Many companies want to have their cake and eat it too. They want to build on top of, and make money from, the many ways in which others have wrangled complexity for them. They very rarely want to worry about wrangling it themselves. They want to build, build, build. They want to be feature factories. (Read this thread for a great deep dive into why that’s not the only approach startups should consider.)

Again, the more of a feature factory you are, and the faster your complexity grows without being managed, the more damaging it becomes. And the harder it is to stay in front of it. And the less feasible it is, after a while, to even get in front of it.

It’s a sneaky, vicious cycle, and the concrete symptoms are ugly. Projects start blowing through their time estimates. Unnecessary work is done. Necessary work is redone. Team communication suffers. Employees burn out.

Improving each individual employee’s ability to handle complexity, even if that’s a good goal to have, is not a substitute for the real solutions. Your product’s internal complexity will still catch up to people’s cognitive load, even if they’re very smart.

You have to strengthen your team’s collective ability to wrangle any part of the product’s complexity. For a product to be worked on by a team, where people come and go, and frequently communicate with each other, you have to make the product itself, and the many ways people work on it, inherently less complex and easier to understand.

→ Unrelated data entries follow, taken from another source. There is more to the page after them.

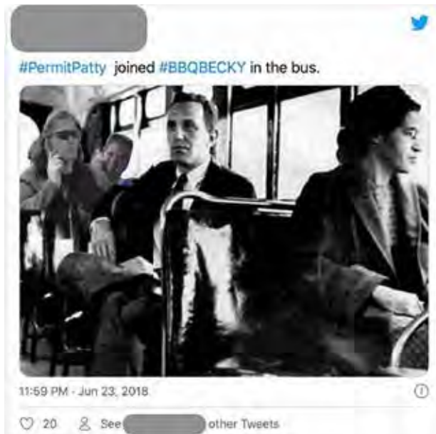
Figure 4. #PermitPatty and #BBQBecky combined into one meme that demonstrates the historical patterns of white supremacy.

Importantly, many of the hashtags and posts that included the phrase Permit Patty also included other white women calling the police unnecessarily, including
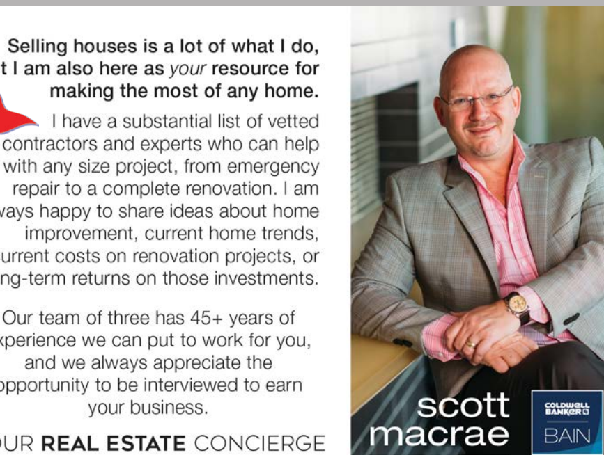
Selling houses is a lot of what I do, but I am also here as your resource for

contractors and experts who can help with any size project, from emergency repair to a complete renovation. I am always happy to share ideas about home improvement, current home trends, current costs on renovation projects, or long-term returns on those investments.
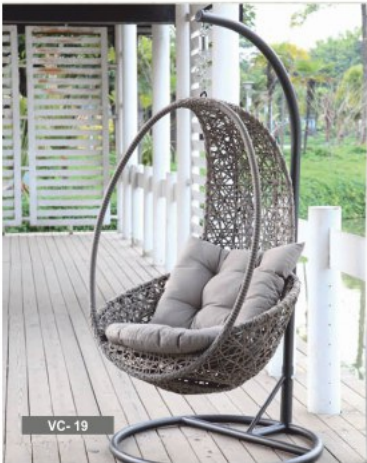
VC - 19
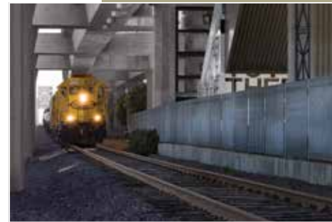
Douglas Street Gap Closure Railroad Grade Separation – Los Angeles, California
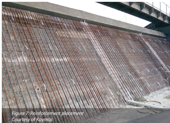
Figure 7: Reinforcement placement

The people who can do this legwork — document, understand, and wrangle complexity — are out there. Many people, as crazy as it sounds, actually thrive on it.

There are some roles for it already, with job titles like “Technical Product Manager,” and luckily they’re growing more common, but they’re not common enough. Instead, practically all of the complexity I introduced at each level of this post is currently distributed across a mishmash of engineers, product managers, and designers, rather than being owned in full-time roles.

The collective need for changing this fact can manifest itself in many places — retrospective meetings, Slack discussions, 1:1s with managers, and offhand comments during daily standups, to name a few.

When it does, don’t let it be swept under the rug. Don’t let people make excuses for it or kick the can down the road. Take note and take action. If you do so, you won’t just keep the creeping vines of complexity at bay. You’ll build better features, and you’ll build them more quickly, and you’ll build them with a much, much happier team.